PROVIDED DATA

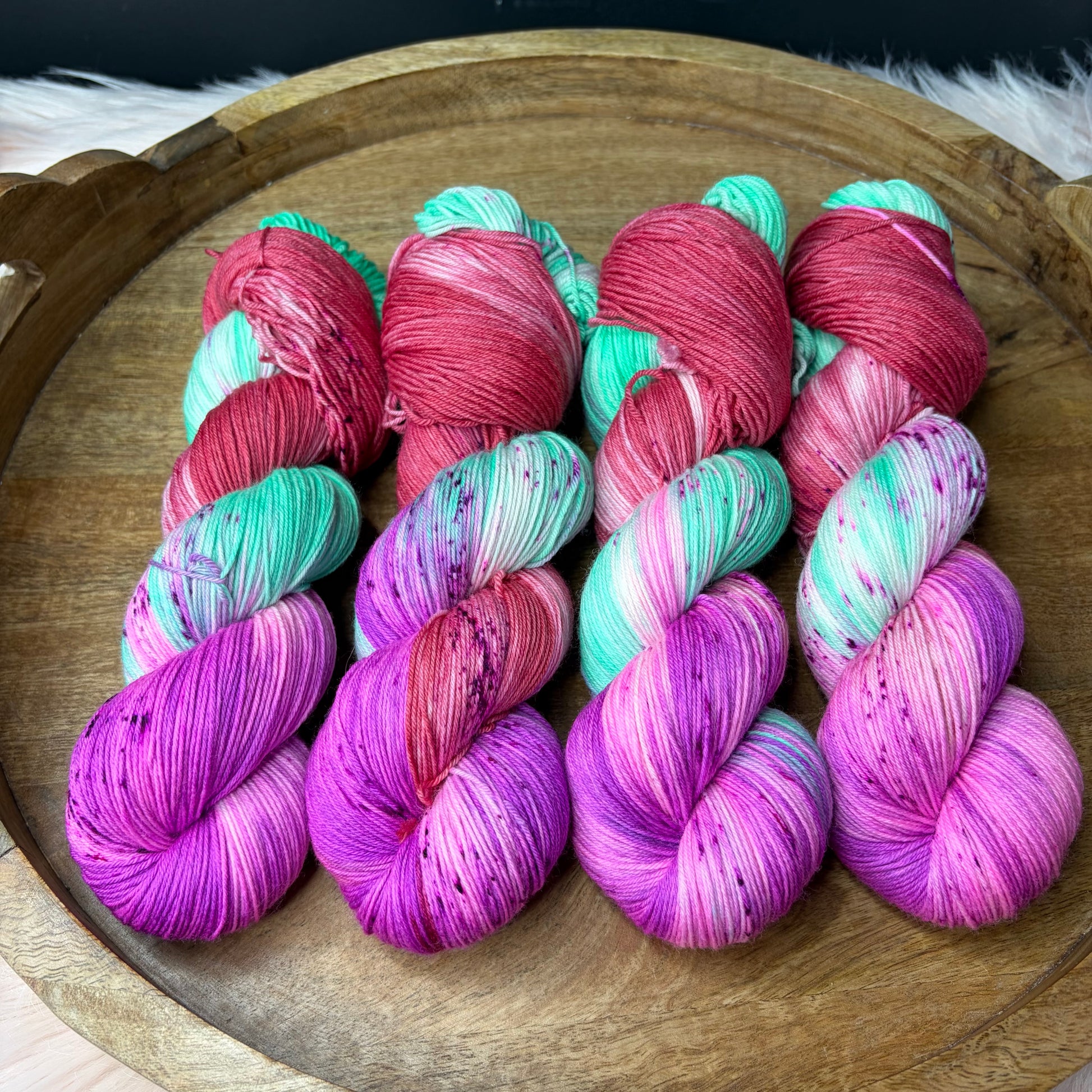 Jimmy Sock: Just like Jimmy's this yarn was made to be worn on your feet! It is strong yet soft, perfect for your every day socks. That's not to say socks are the only thing you can make with this yarn. Its also great for shawls, cowls, sweaters you name it! The tight twist and 25% nylon makes this yarn strong enough for about any project you throw at it and the super soft merino makes you want to cuddle it.
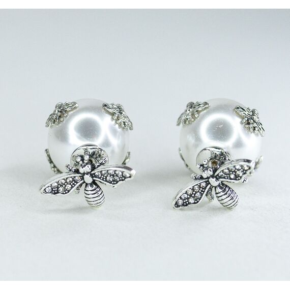 Серьги из гипоаллергенного ювелирного сплава, цвет- серый. Вставка- жемчуг иск. белого цвета. Высота серег-3,0см, ширина-1,5см. Застежка-пусет.
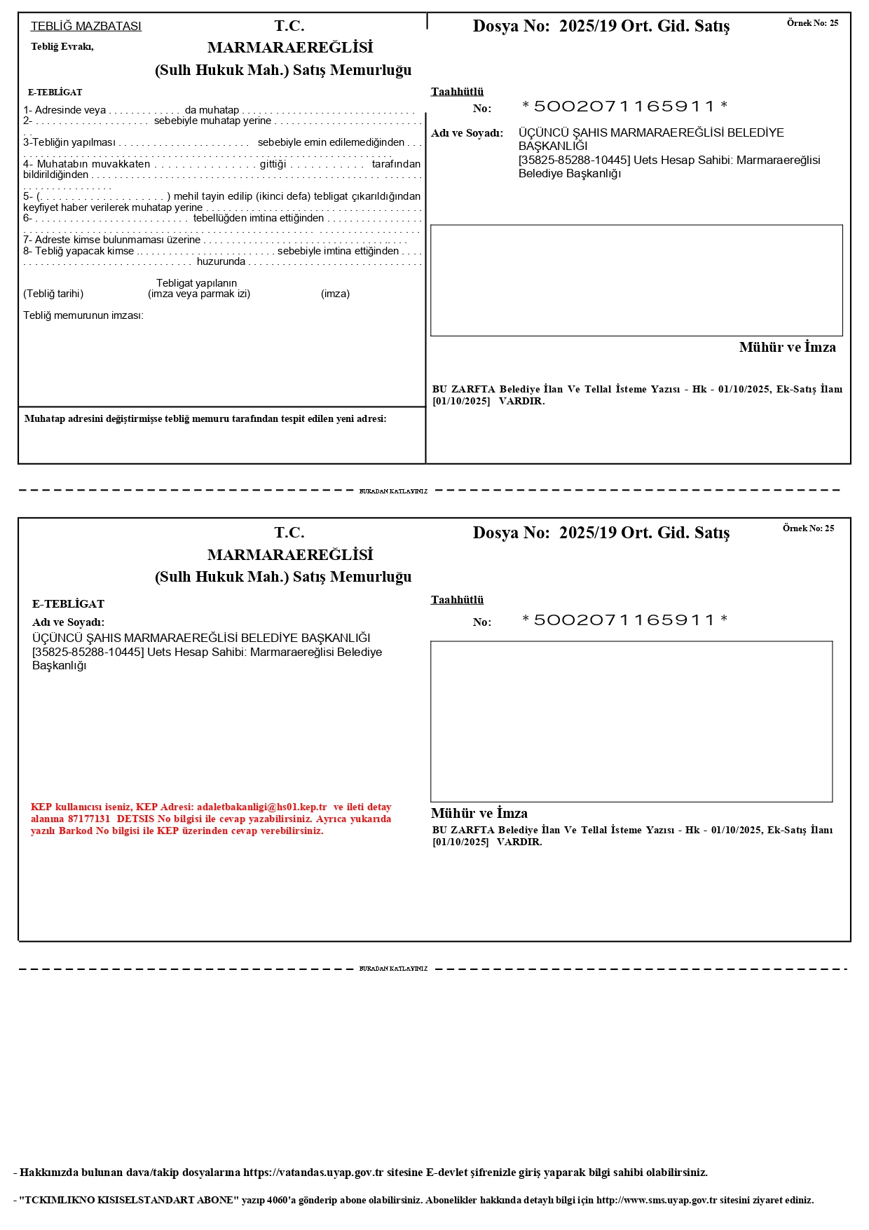 2025 YILI EVSEL KATI ATIK TOPLAMA TAŞITMA VE BERTARAFI ÜCRETİ
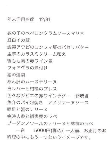 クリスマス用オードブルや正月用の洋風おせちも作るようで気になっています。
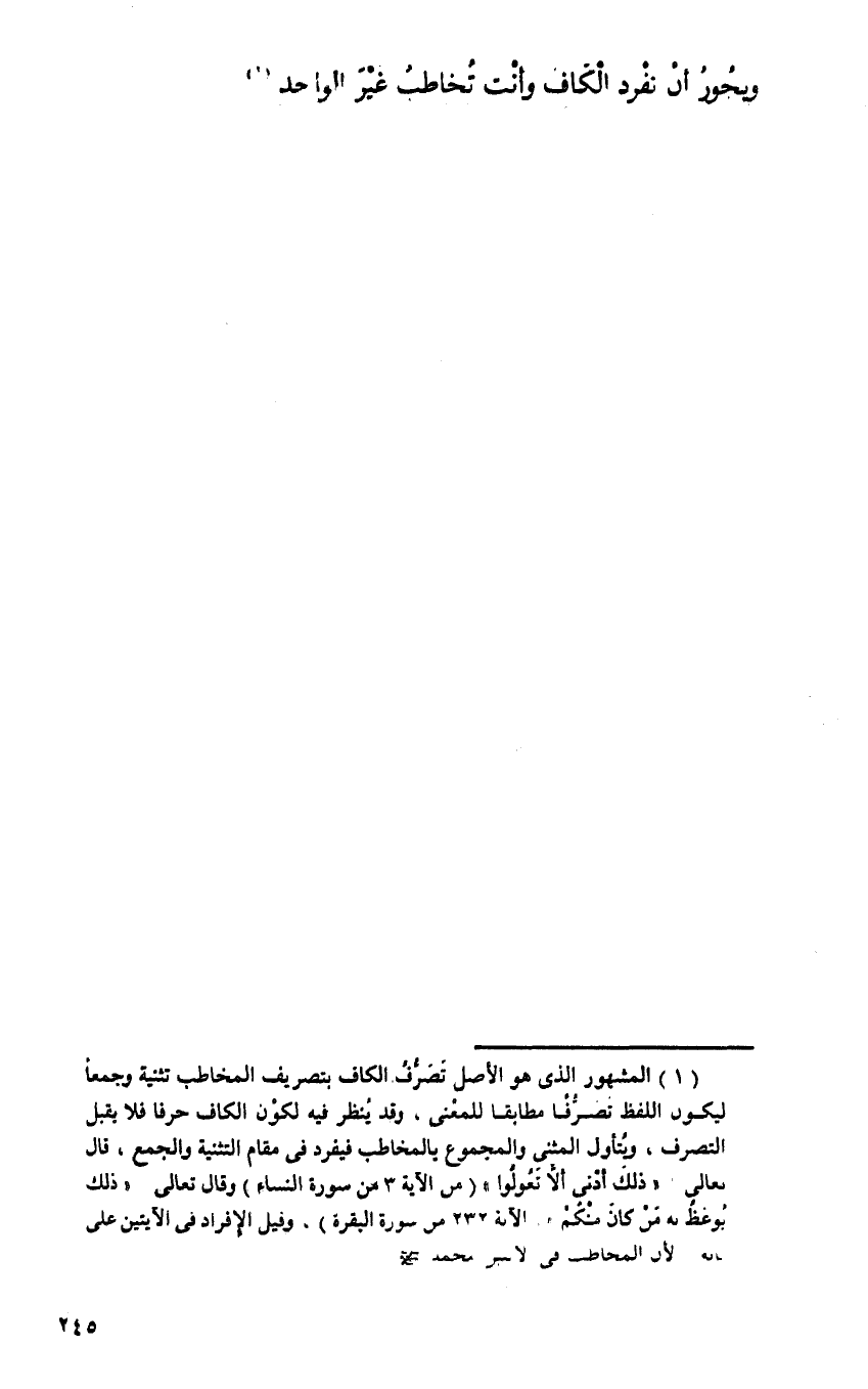 ويجوز أن تفرد الكاف وأنت تخاطب غير الواحد.
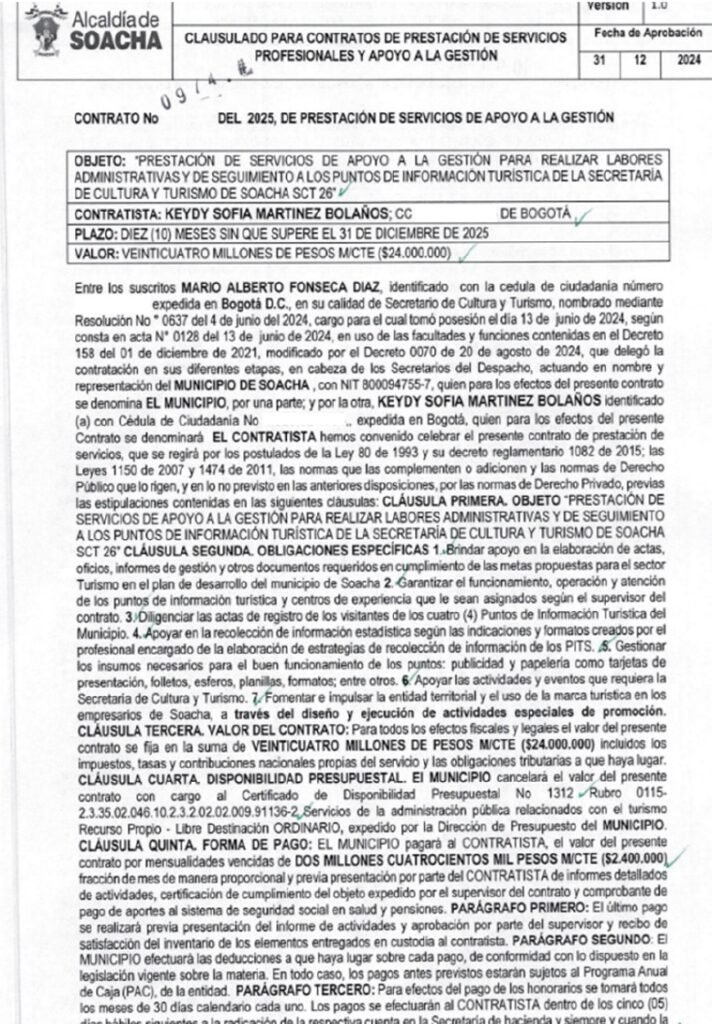 - Keydy Sofía Martínez, miembro del equipo de Natalia Moreno y contratista de la Alcaldía de Soacha en 2025 por 24.000.000 de pesos.
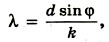 где d — период решетки; k — порядок спектра; φ — угол, под которым наблюдается максимум света соответствующего цвета. Поскольку углы, под которыми наблюдаются максимумы 1-го и 2-го порядков, не превышают 5°, можно вместо синусов углов использовать их тангенсы. Из рисунка 18.5 видно, что
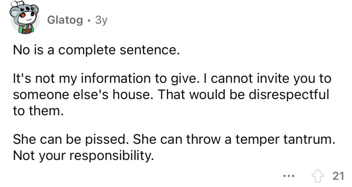 So, the OP asked the Reddit community for advice on how to respond. Keep scrolling to see how people reacted.

WHAT THE TASK REQUIRES
Could you repeat all of the data exactly, minus the pictures?

RESULT OF THE TASK
 Jimmy Sock: Just like Jimmy's this yarn was made to be worn on your feet! It is strong yet soft, perfect for your every day socks. That's not to say socks are the only thing you can make with this yarn. Its also great for shawls, cowls, sweaters you name it! The tight twist and 25% nylon makes this yarn strong enough for about any project you throw at it and the super soft merino makes you want to cuddle it.
 Серьги из гипоаллергенного ювелирного сплава, цвет- серый. Вставка- жемчуг иск. белого цвета. Высота серег-3,0см, ширина-1,5см. Застежка-пусет.
 2025 YILI EVSEL KATI ATIK TOPLAMA TAŞITMA VE BERTARAFI ÜCRETİ
 クリスマス用オードブルや正月用の洋風おせちも作るようで気になっています。
 ويجوز أن تفرد الكاف وأنت تخاطب غير الواحد.
 - Keydy Sofía Martínez, miembro del equipo de Natalia Moreno y contratista de la Alcaldía de Soacha en 2025 por 24.000.000 de pesos.
 где d — период решетки; k — порядок спектра; φ — угол, под которым наблюдается максимум света соответствующего цвета. Поскольку углы, под которыми наблюдаются максимумы 1-го и 2-го порядков, не превышают 5°, можно вместо синусов углов использовать их тангенсы. Из рисунка 18.5 видно, что
 So, the OP asked the Reddit community for advice on how to respond. Keep scrolling to see how people reacted.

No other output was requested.